The problem is that it’s real life. You have to deal with all of those issues too. D/s dynamic is not separated into some special realm where it’s protected from jobs, family and other life stress. It’s also a relationship and like all other relationships it has to deal with the same problems. Which does happen to include people growing apart or not being compatible over the long term. What it seems that you are asking chezzy is why do so many relationships end. D/s relationships are no different, it takes work and communication and sometimes that’s not enough.  




DiurnalVampire -> RE: Tired of your role and partner?? (3/19/2008 7:51:32 AM)

D/s is, as sunnmoon said, a relationship. I have 2 boys I am involved with. Fox and Angel are both long term.
Angel and I are growing apart, because in the 2 years we have been together a lot has changed. HE has finished school, changed jobs, and is looking into the military. Things like that cause a relationship to conform to real life, and the 2 prticipants can grow a little more distant. It doesnt mean I am going to toss him to the wayside over it, it just means that out time together is more infrequent.

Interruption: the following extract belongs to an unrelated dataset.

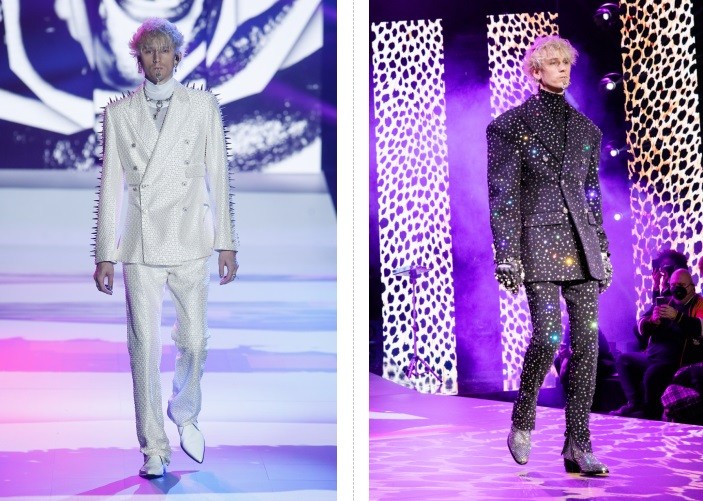 Machine Gun Kelly身着一套镶有珍珠配以铆钉装饰的双排扣定制西装作为开幕。在终场时他身着一件22-23秋冬镶有珠宝的双排扣西装成衣,并搭配高领毛衣。
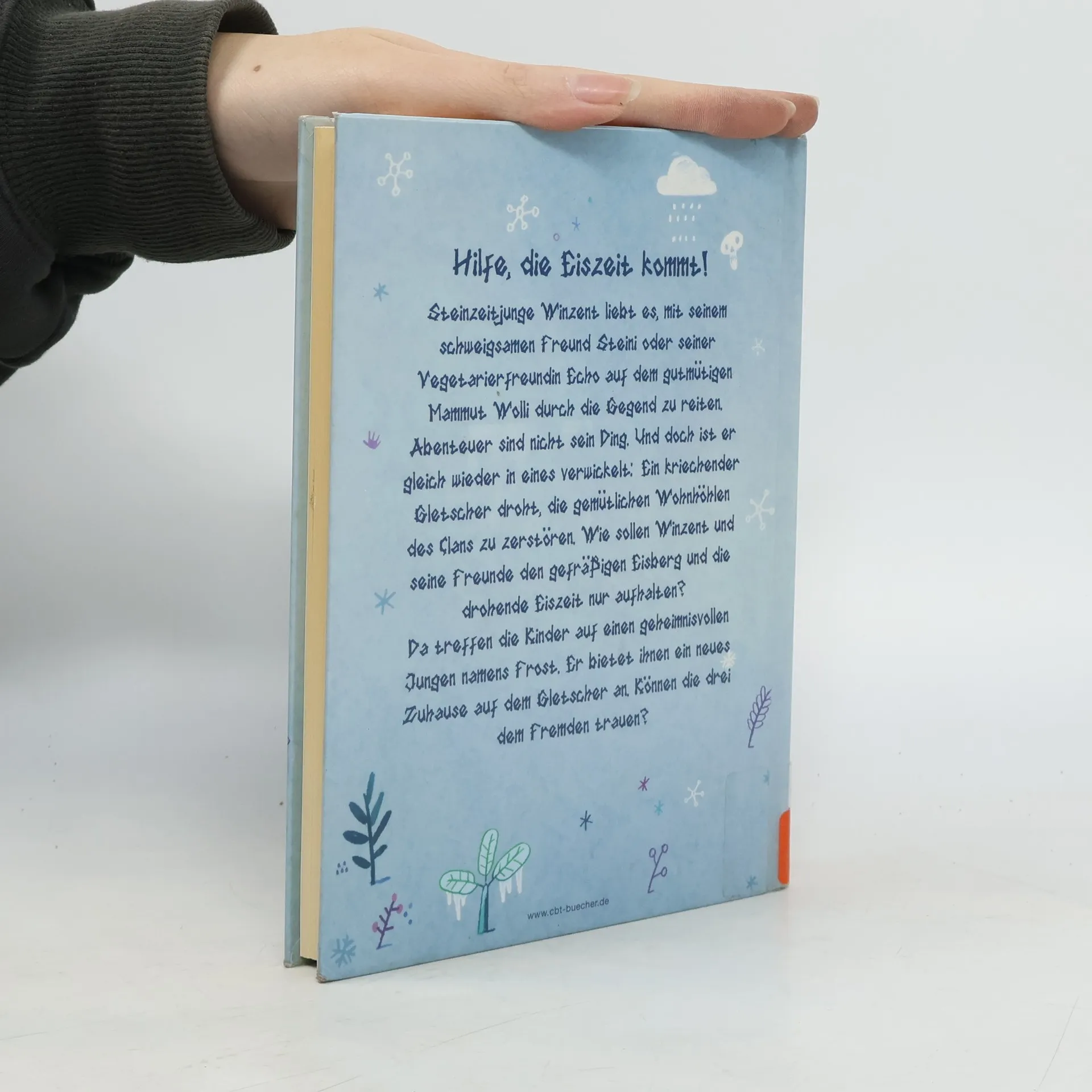 Hilfe die Eiszeit kommt! Steinzeitjunge Winzent liebt es, mit seinem schweigsamen Freund Steini oder seiner Vegetarierfreundin Echo auf dem gutmütigen Mammut Wolli durch die Gegend zu reiten. Abenteuer sind nicht sein Ding. Und doch ist er gleich wieder in eines verwickelt: Ein kriechender Gletscher droht, die gemütlichen Wohnhöhlen des Clans zu zerstören. Wie sollen Winzent und seine Freunde den gefräßigen Eisberg und die drohende Eiszeit nur aufhalten? Da treffen die Kinder auf den geheimnisvollen Jungen namens Frost. Er bietet ihnen ein neues Zuhause auf dem Gletscher an. Können die drei dem Fremden trauen?

With Fox, the relationship is going to be more constant, since we are engaged to be married. There will not always be new playtime interests, but we have more to deal with in our relationship than just the D/s part of it.
Most of the relationships I have known that have gone the way of boredom have been rushed into because one or the other partner (or both) were more interested in the immediate physical gratification than they were building an actual base. Once the lust is gone, there is nothign to hold that together, since there was never anything else built up. They resume their searches since what they had is no longer fulfilling. Notmuch different than a vanilla relationship just different set of lusts.